About this task:
Omitting all pictures, copy word for word the lines from the line containing "La única opción" through the final line of the entries.

Task input:
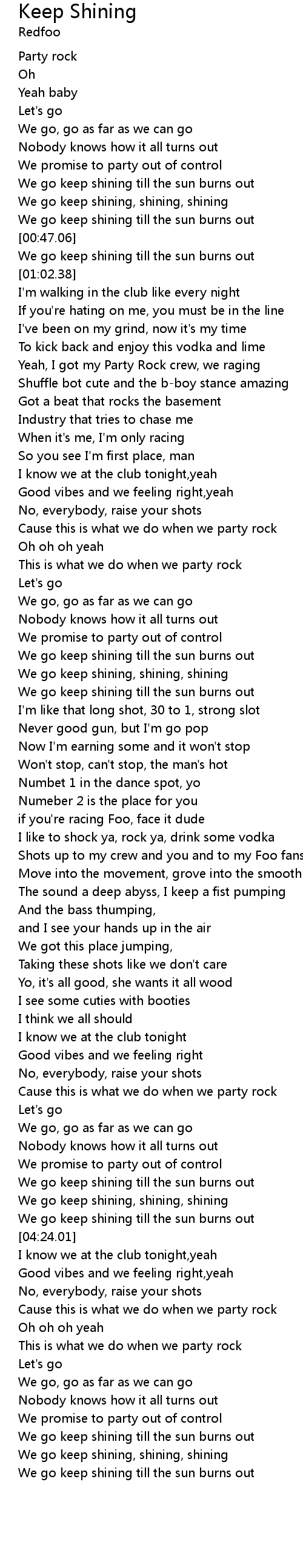 We go keep shining till the sun burns out |
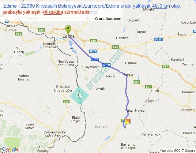 Edirne - 22360 Kırcasalih Belediyesi Uzunköprü Edirne arası yaklaşık olarak 90 km/h ile yukarıda belirtilen sürede olup, iki yerin kuş uçuşu uzaklığı (mesafesi) 40'dir. Yolculuk otobüsle 59 dakika sürmektedir.
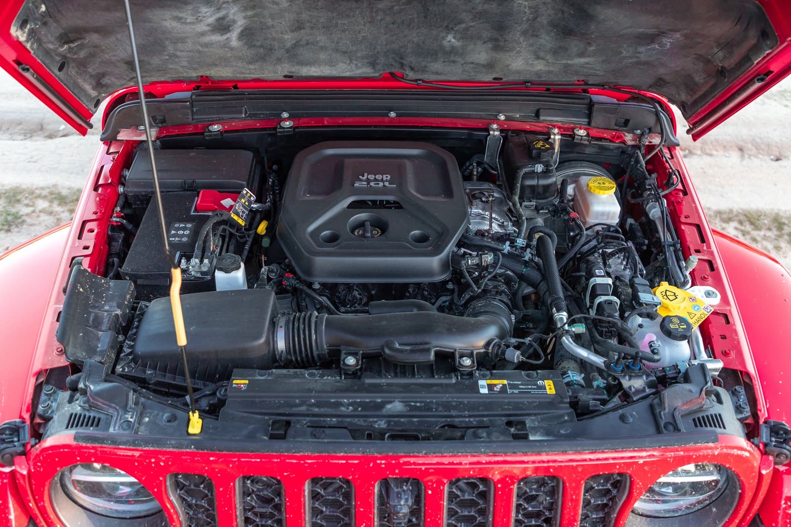 La única opción mecánica disponible para el Wrangler de tres puertas es el motor de gasolina. Se trata de un bloque de cuatro cilindros y 1.995 cm3. Fabricado en aluminio, cuenta con dos árboles de levas en la culata, inyección directa, turbo e intercooler. El Start/Stop es de serie y eroga 272 CV (200 kW) a 5.250 rpm y 400 Nm de par entre 3.000 y 4.500 rpm.
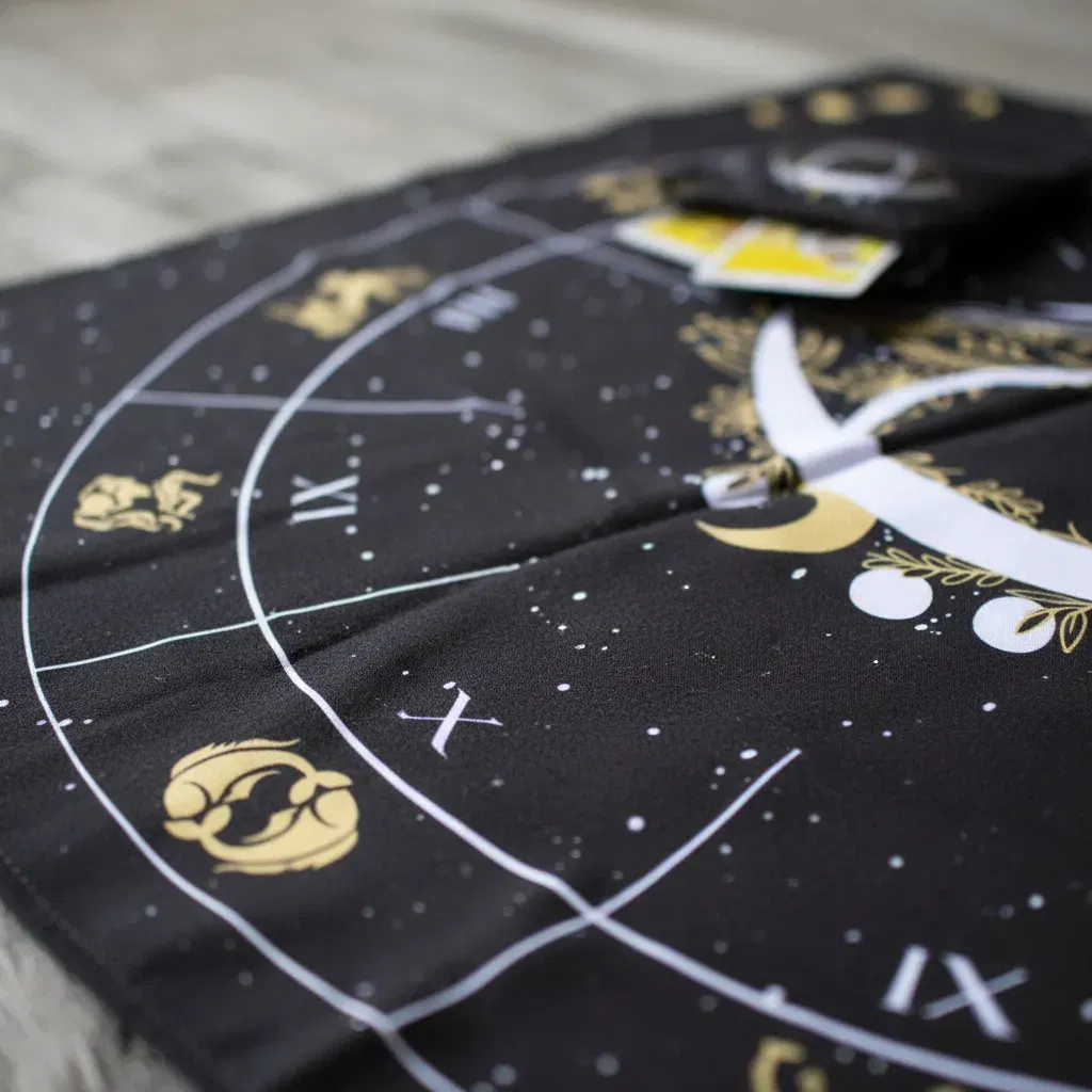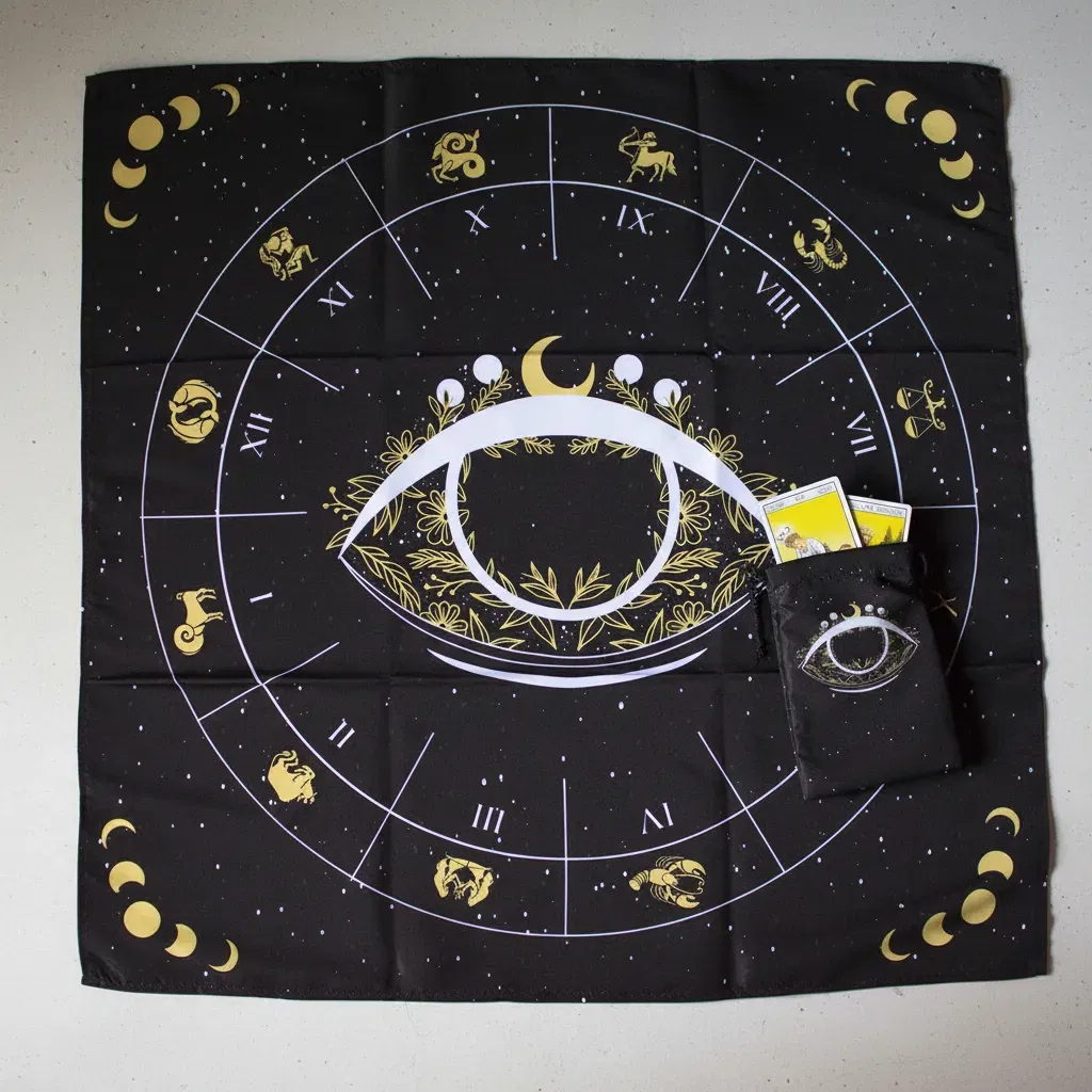 "Conecta con la sabiduría del cosmos a través de este diseño exclusivo que integra el Ojo de la Providencia central, rodeado por la rueda de los doce signos del zodiaco y las fases lunares en los extremos. Este paño es ideal para quienes buscan una guía astrológica en sus lecturas, permitiendo situar las cartas en resonancia con las energías planetarias y la protección mística del tercer ojo."
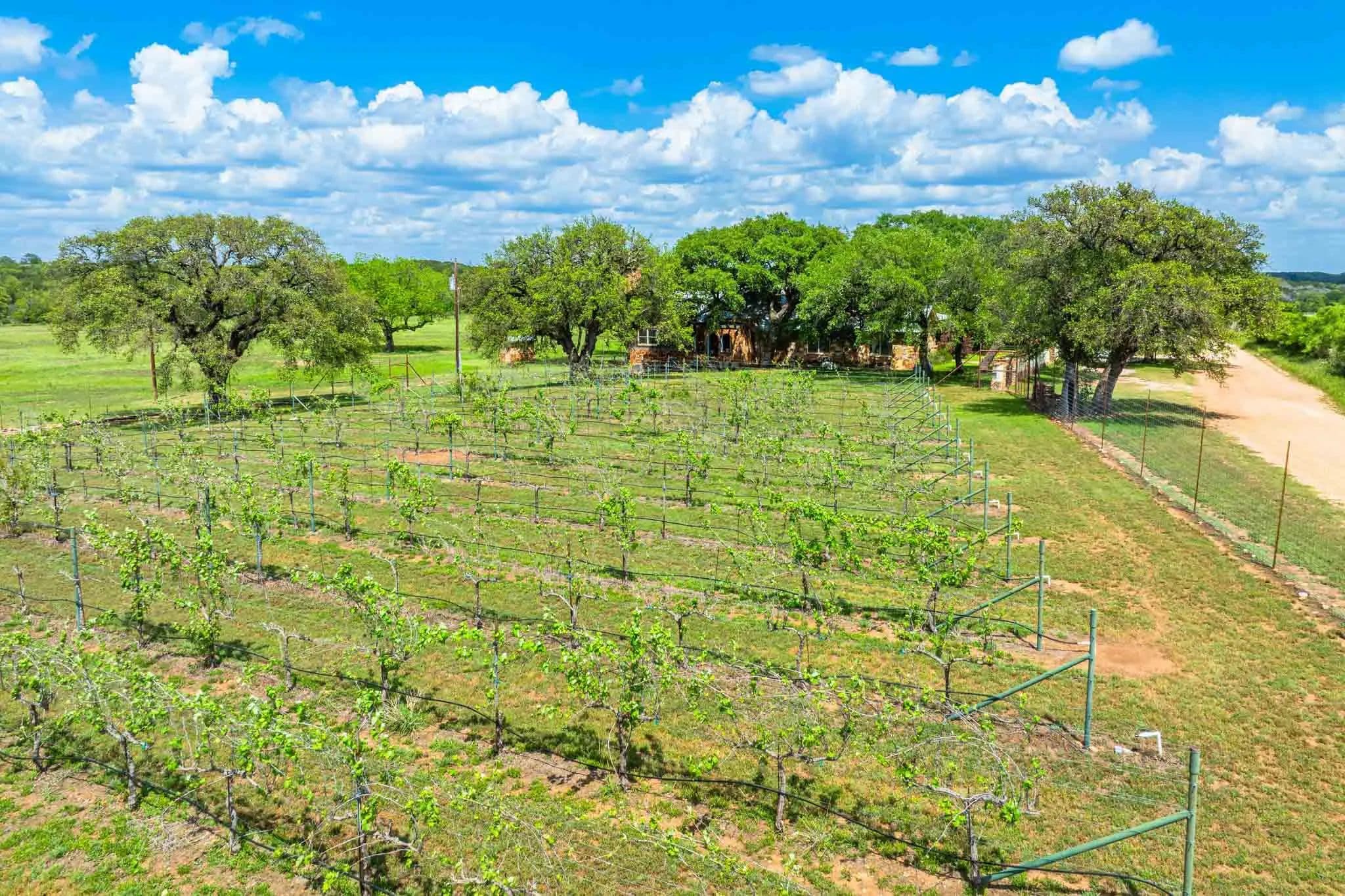 Wedding Oak Vineyard sits on 115± acres and features 4.5± acres of vineyards, a main home, and a guest home. The property showcases 2,100’± of frontage on both sides of Cherokee Creek. The rolling terrain ranges from 1,180’± to 1240’± asl, enhancing the Incredible Hill Country views.
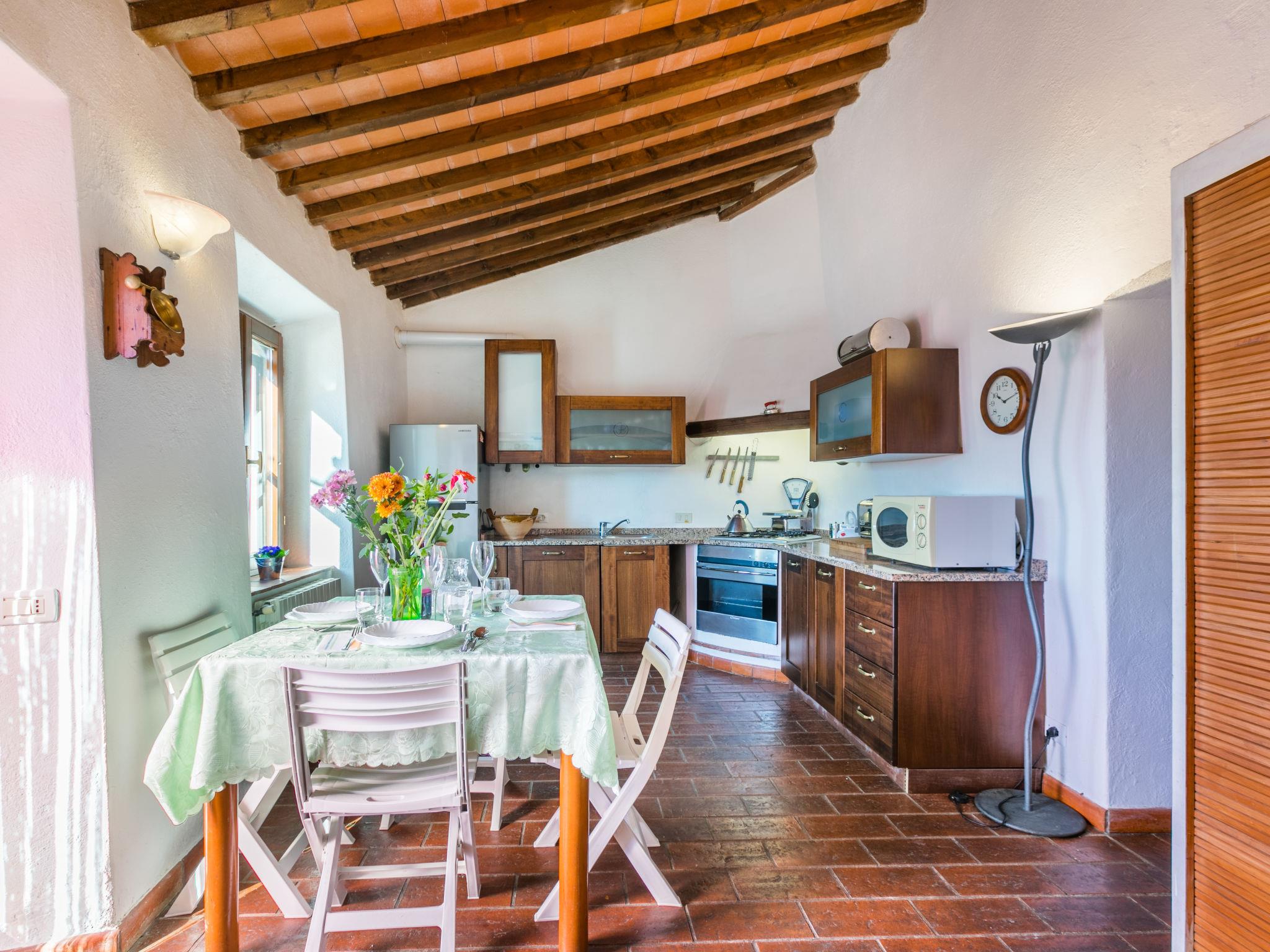 Beautiful "rustico" cottage "Bruna", 400 m a.s.l.. On the outskirts, 400 m from the centre of Castellina Marittima, in a quiet position on a slope, 50 m from the edge of the forest, 15 km from the sea, 15 km from the beach. Private: property, terraced garden (fenced). Hot tub, pool maintenance by the owner/gardener. Linen change (suppl. charge extra). Towel change (suppl. charge extra). Parking at the house. Shop, grocery 400 m, café 300 m, bus stop "Castellina Lavatoi" 300 m, sandy beach "Vada" 15 km, thermal baths "Casciana Terme" 30 km. Marina 15 km, golf course (9 hole) 28 km. Nearby attractions: Bolgheri 30 km, Pisa 55 km, Firenze 100 km.

Response:
 La única opción mecánica disponible para el Wrangler de tres puertas es el motor de gasolina. Se trata de un bloque de cuatro cilindros y 1.995 cm3. Fabricado en aluminio, cuenta con dos árboles de levas en la culata, inyección directa, turbo e intercooler. El Start/Stop es de serie y eroga 272 CV (200 kW) a 5.250 rpm y 400 Nm de par entre 3.000 y 4.500 rpm.
 "Conecta con la sabiduría del cosmos a través de este diseño exclusivo que integra el Ojo de la Providencia central, rodeado por la rueda de los doce signos del zodiaco y las fases lunares en los extremos. Este paño es ideal para quienes buscan una guía astrológica en sus lecturas, permitiendo situar las cartas en resonancia con las energías planetarias y la protección mística del tercer ojo."
 Wedding Oak Vineyard sits on 115± acres and features 4.5± acres of vineyards, a main home, and a guest home. The property showcases 2,100’± of frontage on both sides of Cherokee Creek. The rolling terrain ranges from 1,180’± to 1240’± asl, enhancing the Incredible Hill Country views.
 Beautiful "rustico" cottage "Bruna", 400 m a.s.l.. On the outskirts, 400 m from the centre of Castellina Marittima, in a quiet position on a slope, 50 m from the edge of the forest, 15 km from the sea, 15 km from the beach. Private: property, terraced garden (fenced). Hot tub, pool maintenance by the owner/gardener. Linen change (suppl. charge extra). Towel change (suppl. charge extra). Parking at the house. Shop, grocery 400 m, café 300 m, bus stop "Castellina Lavatoi" 300 m, sandy beach "Vada" 15 km, thermal baths "Casciana Terme" 30 km. Marina 15 km, golf course (9 hole) 28 km. Nearby attractions: Bolgheri 30 km, Pisa 55 km, Firenze 100 km.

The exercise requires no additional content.